Anyways, so we hung out with him on Saturday and knocked back a few ciders. It was pretty noisy at this place and everyone’s conversations were echoing, so my dad had to take out his hearing aids. At this drinking joint there are these tacky plates hanging on the walls and ceilings. My dad starts the conversation about the plates by pointing out how handsome John Wayne was.
“Man, the Duke was one handsome guy.”
I replied with “Clint Eastwood was handsome in his day.”
My dad, “Still is handsome to some of us.” Then he points to another plate and says, “I kind of look like that French fella’.”
Sis and I turn our heads to see who he’s pointing at and its Marcel Marceau. He’s painted up like a clown, which sends chills down our backs. Chills and flashbacks. We both look at each other, mortified. Having a dad who moonlighted as a clown our entire childhood was tragically traumatizing. I don’t know if other kids with a clown parent escaped unscathed, but we sure didn’t. Clowns, balloon animals, circuses, magic tricks; they all illicit a snarl from the both of us. We’re jaded.
Back to the story. I say, “Dad, I would much rather you look like Vivien Leigh than Marcel Marceau.” And I point to the Vivien Leigh plate. Vivian is dressed in a white gown from Gone with the Wind, very theatrical.
- Vivien Leigh in Gone with the Wind
His face beams, “Really?”
I say emphatically, “Oh, hell yeah. I’ll take drag over clown any day.” Then I turn to my sis and ask for her vote and she seconds Vivien Leigh with a head tilt. My dad is so gitty, I can see a twinkle in his freshly Lasiked eyes.
He says, “Well you only live once, you might as well live happy.”
I beam back, “So true dad, so true. And, if dressing as Vivien Leigh is living happy, then do it.”
I know this is what he wants to hear, and I want him to know we support him being happy. No matter what he wears. (I need to find a greeting card that expresses this sentiment.)
His eyes are gleaming with anticipation and I can tell he’s deconstructing Vivien’s look. He says, “Well, the dress is no problem. I can find that at a costume shop. And, it’s great that the neckline is high. The problem I’ll have is with the makeup. I’d have to get some professional help perfecting the make-up. It took me years to get my clown make-up down.” My sister is munching away on her goat cheese pizza.
I look at my dad, “Where would you go to learn something like that?” We both shrug our shoulders. I think MAC cosmetics would help him out and not judge. I’ll have to call them.

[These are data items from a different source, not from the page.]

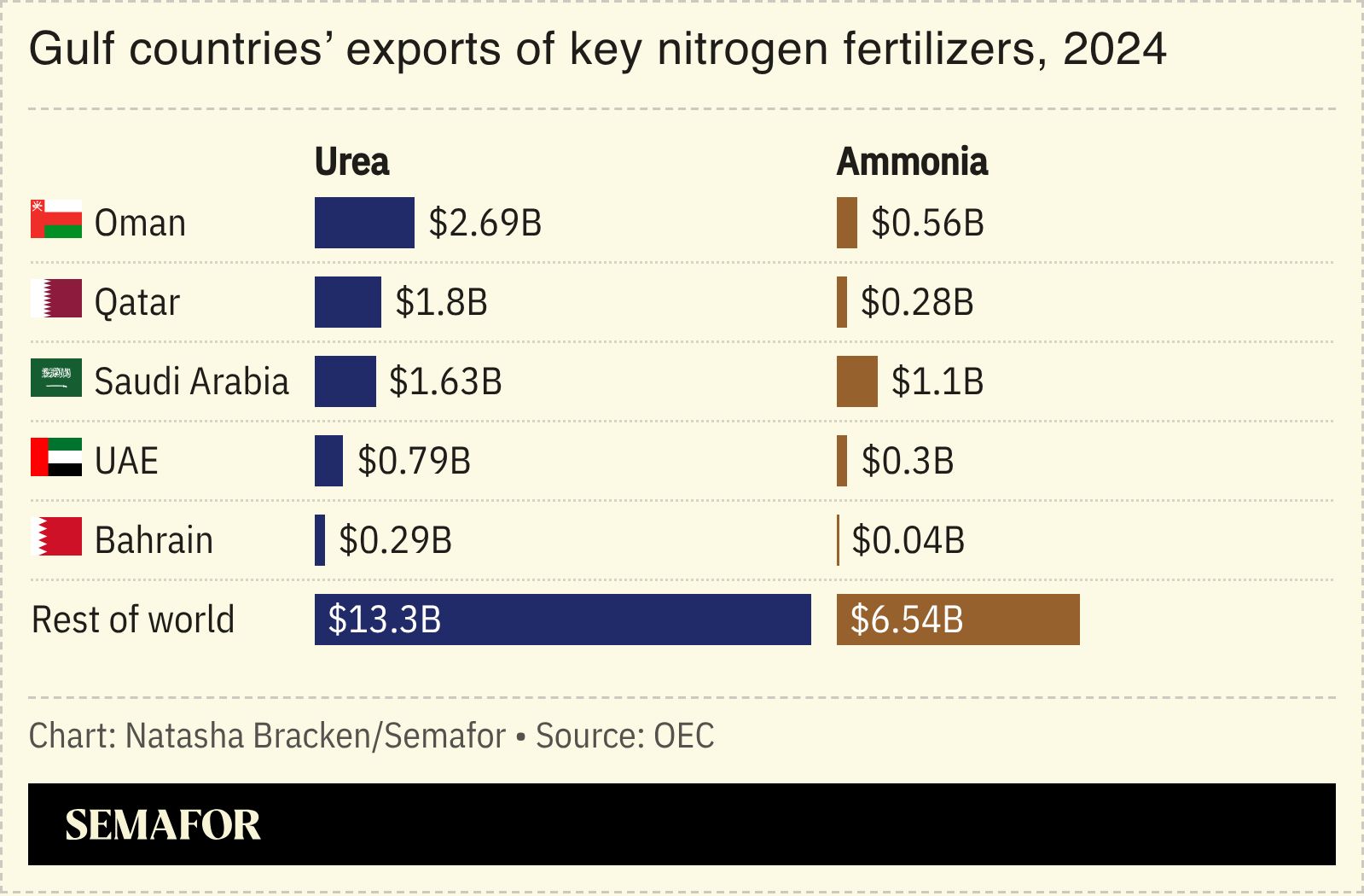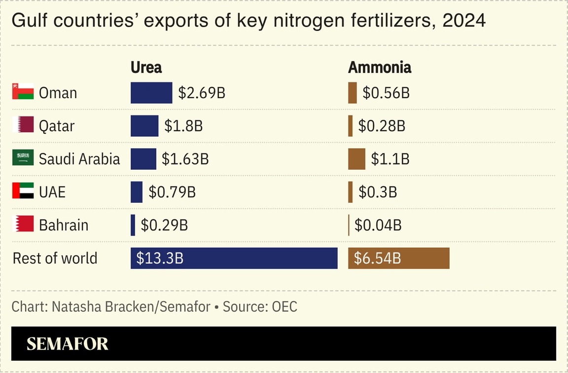 Throttled traffic in the Strait of Hormuz is highlighting the grip hydrocarbons’ hold on global food production as a result of reliance on fossil fuel-based fertilizers, but a new project in Latin America could pave the way for the production of low-carbon alternatives at an industrial scale. Green fertilizer developer Atome will go ahead with a 260,000-ton-per-year plant in Villeta, Paraguay, the first industrial-scale facility of its kind to hit that milestone, CEO Olivier Mussat told Semafor. The plant will feed on renewable power from Paraguay’s vast Itaipu dam to produce hydrogen by splitting water through electrolysis, which is then combined with nitrogen to create zero-carbon ammonia. The plant is expected to start supplying fertilizers to Latin American markets by early 2029, offering some respite to a region that is critical to global crop exports yet dependent on fertilizer imports. “What [the war] is showing you is that there is a systemic problem,” Mussat said. “A problem of security of supply.” |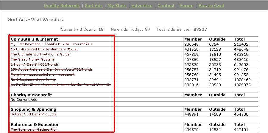 Как вы поняли так зарабатывать большие деньги будет не легко. Что же делать? Бросить это работу? Не в коем случаи. Просто найдите себе Refferалов. Которые будут при регистрации выписывать ваш login в поле Referrer (if any): И они станут вашим рефералом (ведь рефералом ссылки предоставляются в два раза больше, так как сколько ссылок будет у главного (в этом случаи это вы) столько будет и у рефералов). Тут уже деньги реальные скажем за месяц вы нашли 10 реальных людей которые хотя так заработать. Каждый день каждый эти рефералы в среднем пройдут по 20 ссылок, это значит что каждый заработает 20 центов. Теперь получается такое дело 20 центов умножаем на 10 ваших рефералов добовляем 20 своих заработанных центов и того в день вы заработаете 2,20 американских долларов. То есть сколько заработает реферал столько заработаете и вы. А реферал будет вам благодарен так как ссылкок у него будет больше. То есть имея 10 рефералов вы можете месяц заработать 66 у.е. Кроме это чем больше рефералов тем больше ссылок будет в вашей группе. Если у вас будет 20 рефералов вы можете не работаю в месяц получать по 100 у.е. Как же найти рефералов. Вы можете разместит разные объявления которое может привлечь внимание. Так как это не лохотрон, bux.to зарабатывает за счет других сайтов которые, хотя увеличить число посещений. То есть сайт плотит 16 у.е. за 1000 посещений, bux.to 10у.е отдает своим рабочим (в этом случаи это - мы) а 6 оставляет себе. Кроме этого у вас наверняка найдется свой круг друзей которые хотели бы подработать. Попробуй ты найти рефералов не трудное дело.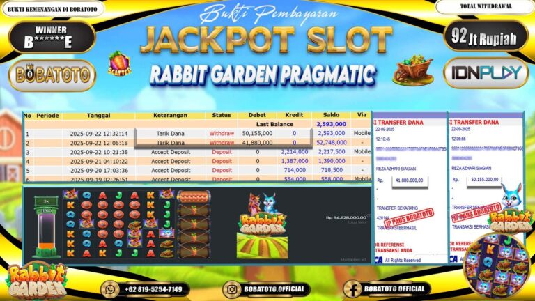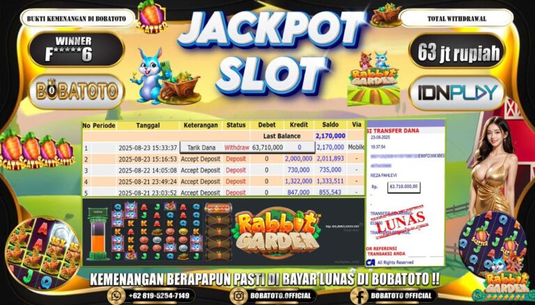 BOBATOTO – Selamat kepada User id : F*****6 Telah berhasil mendapatkan kemenangan besar pada permainan SLOT PRAGMATIC RABBIT GARDEN Dengan kemenangan Sebesar Rp.63,000,000,-. Setelah mengisi formulir withdraw dengan kurung waktu hanya 5 – 10 menit pihak bobatoto sudah melakukan transfer kepada pemilik Userid dan dana sudah dapat di cairkan oleh pemenang. Bukti pembayaran yang kami berikan merupakan bukti pembayaran yang SAH /…

Maybe this will be our next outing; I’ll have to build up to that. That would be a big step.
After we finish our lunch, we head out to walk about the town. We were checking out the area and my sister and I wanted to stop somewhere for a sweet treat. My sister, “Hey, can we stop at this chocolate shop for a treat?” My dad replies, “Oh, none for me. I have to watch my figure if I’m going to pull off Vivien Leigh.” So true, so true.
On a separate note, I’m thinking of signing up for e-diets and I plan to work out every day this week.